A total of 38 candidates have been killed during the campaign – along with a similar number of party workers – as the drug cartels made their presence felt. Two people were killed at polling stations in the central state of Puebla on Sunday.
The elections have been widely hailed as historic, and not just because nearly 20,000 public posts – including all 629 congressional seats and the presidency – were at stake.
The elections have also underscored the advances of the drug cartels under Mr López Obrador. He promised to tamp down the country’s savage drug war and instead address the social and economic root causes of organised crime.
Instead, he has presided over more deaths at the hands of the cartels than any other Mexican president, with some parts of the country turning into no-go zones for security forces – unless they go in in force, heavily armed and in large numbers.

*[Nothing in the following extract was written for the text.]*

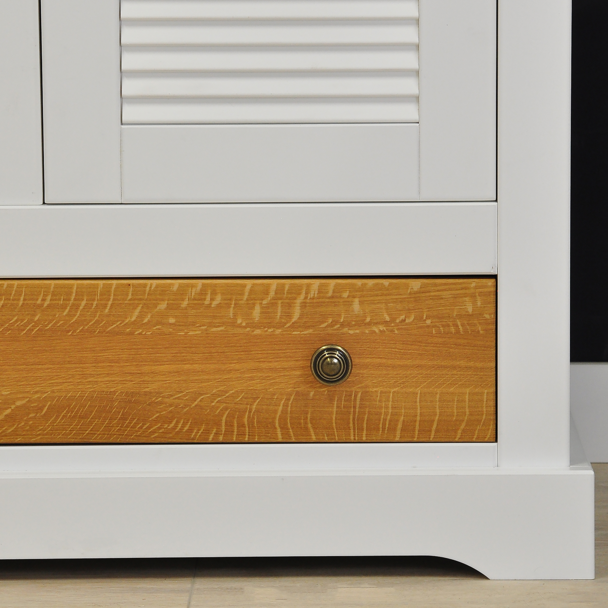 Материал: корпус из МДФ, фасады из дуба и МДФ, задние стенки и дно ящика из ДВП.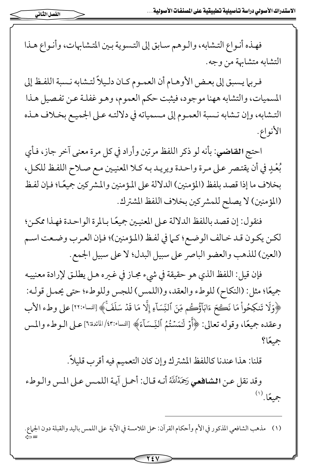 (١) مذهب الشافعي المذكور في الأم وأحكام القرآن: حمل الملامسة في الآية على اللمس باليد والقبلة دون الجماع. يُنظر: الأم (١/ ١٥)؛ أحكام القرآن للشافعي (١/ ٤٦). وذكر الجويني في البرهان أن ظاهر اختيار الشافعي حمل المشترك على جميع معانيه؛ وذلك لأنه قال في مفاوضة جرت له في قوله تعالى: {أَوْ لَامَسْتُمُ النِّسَاءَ} [النساء: ٤٣/ المائدة: ٦]، فقيل له: قد يراد بالملامسة المواقعة. قال: هي محمولة على اللمس باليد حقيقة، وعلى الوقاع مجازًا. يُنظر: البرهان (١/ ٣٤٣ - ٣٤٤).

His autocratic tendencies – including undermining the electoral agency and regularly attacking journalists by name in a country where dozens of media workers have been killed in recent years – have also united the opposition against him.
Ms Gálvez represented an electoral alliance of highly unusual bedfellows who were previously diehard political enemies. They include the leftist Democratic Revolution Party, the conservative National Action Party, and the politically amorphous Institutional Revolutionary Party that ruled Mexico for seven decades until 2000 – sometimes by rigging elections.
It remains to be seen whether Dr Sheinbaum will continue Mr López Obrador’s policies and polarising personal style, or seek to establish a softer image and be more open to dialogue with political opponents.